BEGIN Data block

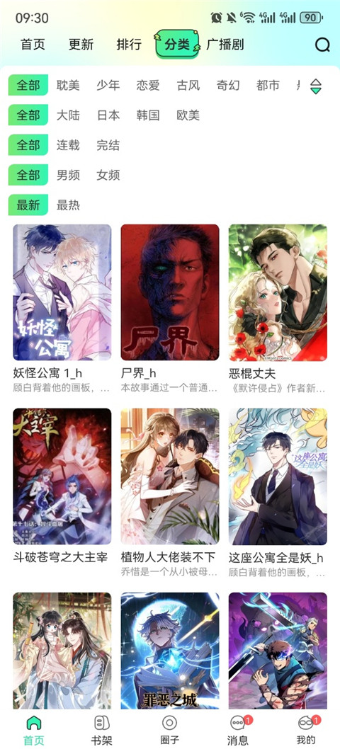1、设有漫画与广播剧分类及排行,支持男频女频、最新最热等筛选,快速找到心仪内容。
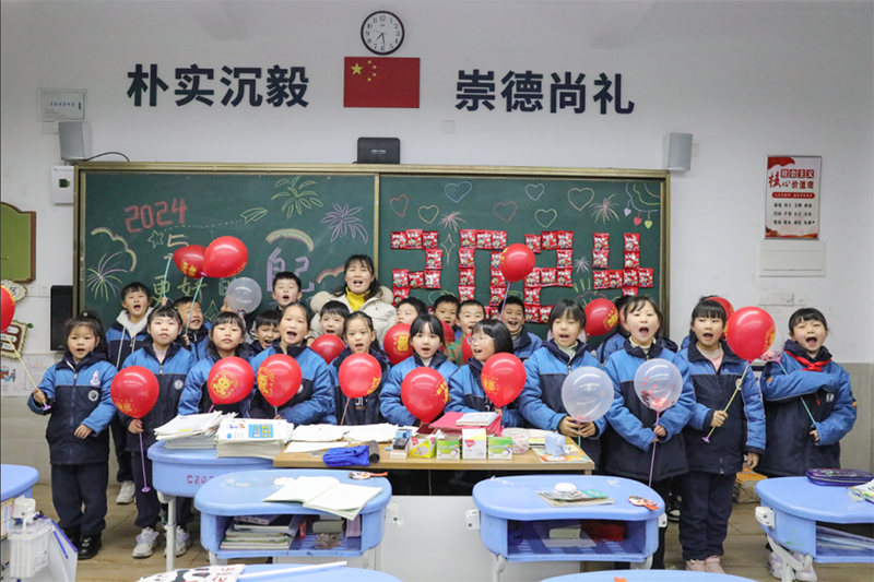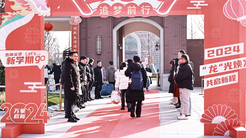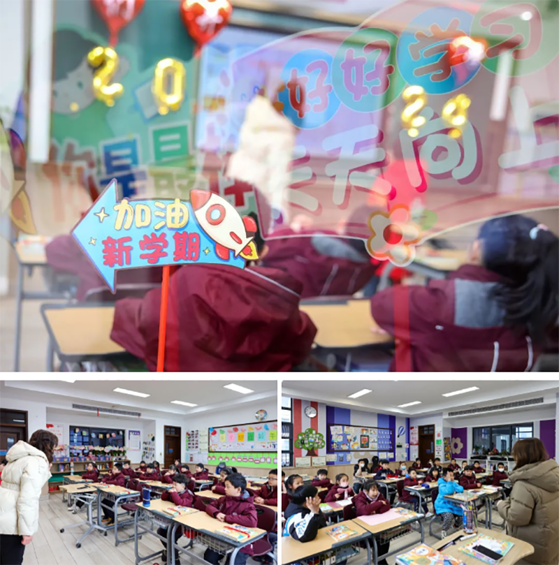 校長和老師們早早就等候孩子們歸來,送上新年的祝福與擁抱。伴隨著一聲聲充滿濃濃情意的“新年好”、“新年快樂”,同學們快樂地踏入校園。
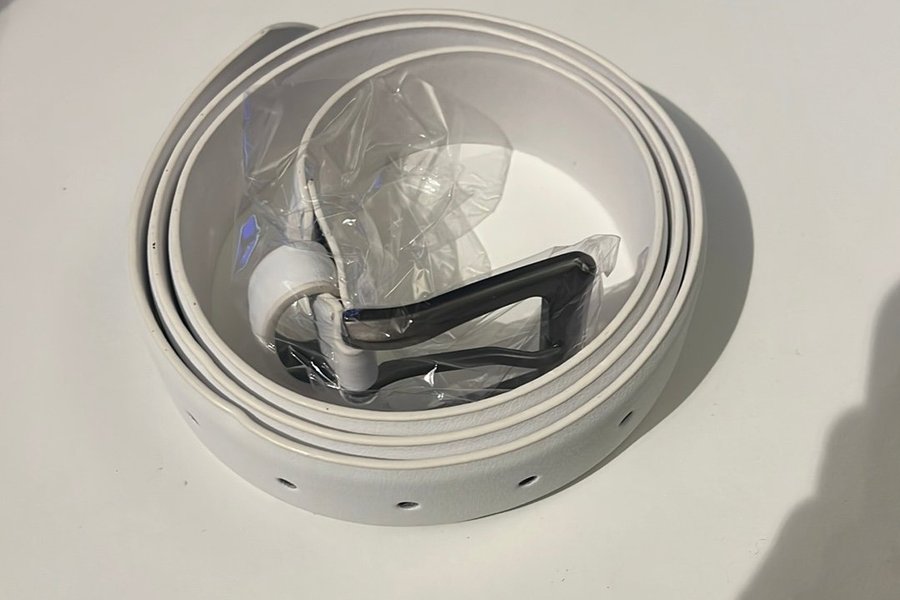 Vitt bälte med ett svart spänne. Bältet är rullat ihop och spännet är inplastat.

END Data block

Exercise requirements —
Repeat the material above word for word; no images go in the copy.

Finished task —
1、设有漫画与广播剧分类及排行,支持男频女频、最新最热等筛选,快速找到心仪内容。
 校長和老師們早早就等候孩子們歸來,送上新年的祝福與擁抱。伴隨著一聲聲充滿濃濃情意的“新年好”、“新年快樂”,同學們快樂地踏入校園。
 Vitt bälte med ett svart spänne. Bältet är rullat ihop och spännet är inplastat.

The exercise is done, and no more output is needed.